··· Data for this task ···
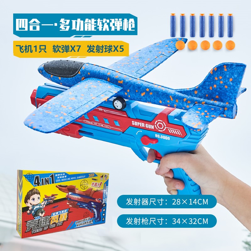 (Big Guns Capable of soft play) Blue 4 Hop 1 color boxed 1 plane (random color) (big gun bestseller) Red 4 Hop 1 color boxed 1 plane (random color) 7 soft bomb 5 balls (big
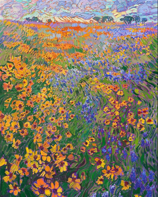 Erin devoted three years to perfecting the technology of 3D art printing in a quest to create a fine art print that captured her vibrant colors and reproduced the texture crucial to her artistic vision. The rhythms of texture in her luscious, impasto oil paintings communicate the movement and joy she finds in nature.
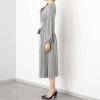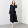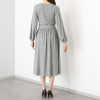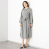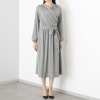 巻かずにそのまま着用できるカシュクール風デザインを採用。下着を気にせず着用できる絶妙な深さのVネックは、美しいドレープにより、胸元を美しく演出します。ウエスト切り替え部分にゴムを使用しているため、締め付けにくく快適に過ごせそう。また、ブラウジング効果でお腹周りをさりげなくカバーしてくれる点も魅力的です。付属の共布ベルトを用いれば、凛とした印象に。生地を贅沢に使用したフレアーシルエットは、歩く姿を優雅に見せてくれます。
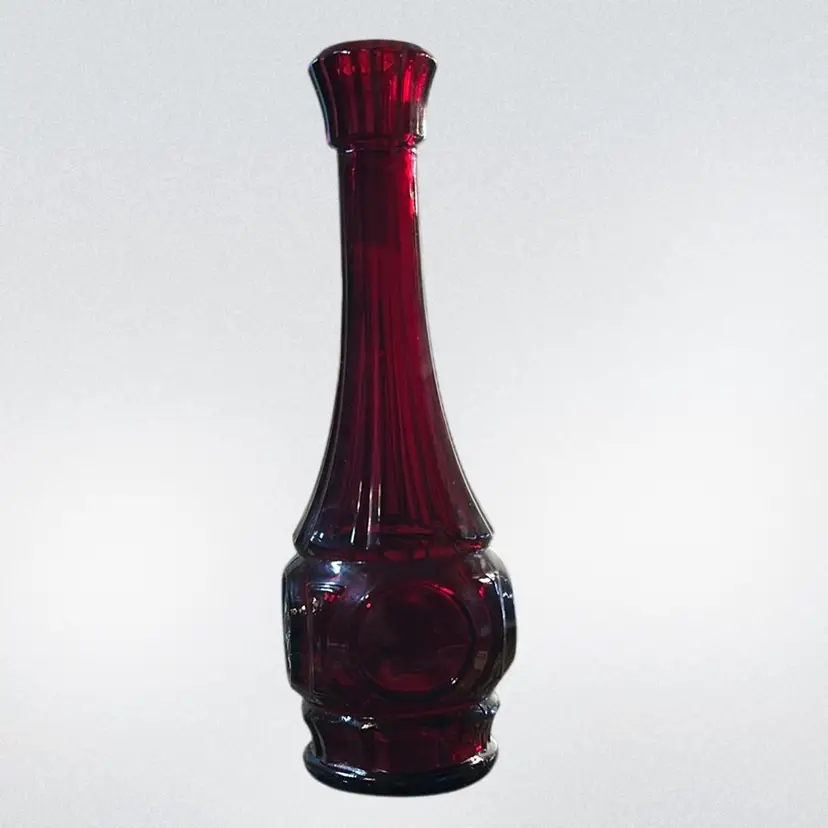 This item is a vintage Wheaton Ruby red bud vase known for its elegant and classic design the vase features a deep ruby red color and a narrow neck, making it perfect for a single stem flower or as a decorative piece. It embodies mid-century style and a simple yet striking appearance. It stands 9 inches tall 3 inches wide. There are no chips or cracks.
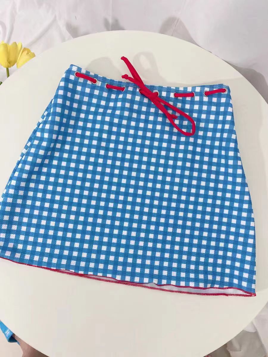 • 파란색 체크무늬 + 빨간색 스커트
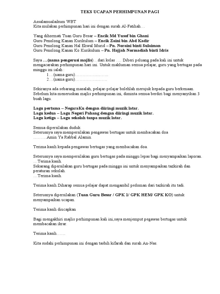 Yang berusaha tuan guru besar, pn. Menteri perdagangan antarabangsa dan industri. Teks ucapan wakil murid sempena hari guru perhimpunan pagi doa majlis penutup kesantunan berbahasa pelancaran bulan kemerdekaan peringkat sekolah. Contoh teks pengacara perhimpunan pagi1. Mr hiroshi hamada managing director yakult (malaysia) sdn bhd.
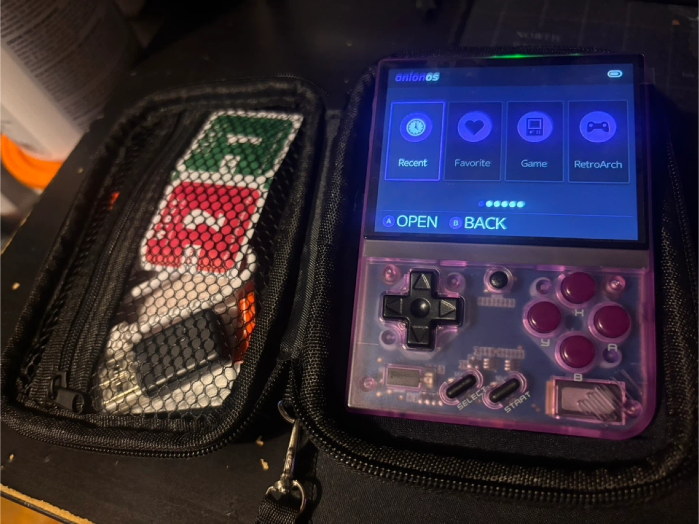 Selling a Miyoo Mini Plus handheld console! It's in great shape and comes with its case. Perfect for playing your favourite retro games on the go. Features include the OnionOS, Recent, Favorite, Game, and RetroArch.
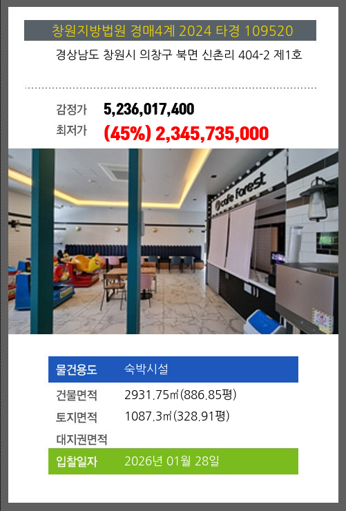 | 용도 | 숙박시설 | 채권자 | 대** | 감정가 | 5,236,017,400 |
···
Assignment = Once the pictures are set aside, copy the remaining text of every entry exactly.

Task result =
 (Big Guns Capable of soft play) Blue 4 Hop 1 color boxed 1 plane (random color) (big gun bestseller) Red 4 Hop 1 color boxed 1 plane (random color) 7 soft bomb 5 balls (big
 Erin devoted three years to perfecting the technology of 3D art printing in a quest to create a fine art print that captured her vibrant colors and reproduced the texture crucial to her artistic vision. The rhythms of texture in her luscious, impasto oil paintings communicate the movement and joy she finds in nature.
 巻かずにそのまま着用できるカシュクール風デザインを採用。下着を気にせず着用できる絶妙な深さのVネックは、美しいドレープにより、胸元を美しく演出します。ウエスト切り替え部分にゴムを使用しているため、締め付けにくく快適に過ごせそう。また、ブラウジング効果でお腹周りをさりげなくカバーしてくれる点も魅力的です。付属の共布ベルトを用いれば、凛とした印象に。生地を贅沢に使用したフレアーシルエットは、歩く姿を優雅に見せてくれます。
 This item is a vintage Wheaton Ruby red bud vase known for its elegant and classic design the vase features a deep ruby red color and a narrow neck, making it perfect for a single stem flower or as a decorative piece. It embodies mid-century style and a simple yet striking appearance. It stands 9 inches tall 3 inches wide. There are no chips or cracks.
 • 파란색 체크무늬 + 빨간색 스커트
 Yang berusaha tuan guru besar, pn. Menteri perdagangan antarabangsa dan industri. Teks ucapan wakil murid sempena hari guru perhimpunan pagi doa majlis penutup kesantunan berbahasa pelancaran bulan kemerdekaan peringkat sekolah. Contoh teks pengacara perhimpunan pagi1. Mr hiroshi hamada managing director yakult (malaysia) sdn bhd.
 Selling a Miyoo Mini Plus handheld console! It's in great shape and comes with its case. Perfect for playing your favourite retro games on the go. Features include the OnionOS, Recent, Favorite, Game, and RetroArch.
 | 용도 | 숙박시설 | 채권자 | 대** | 감정가 | 5,236,017,400 |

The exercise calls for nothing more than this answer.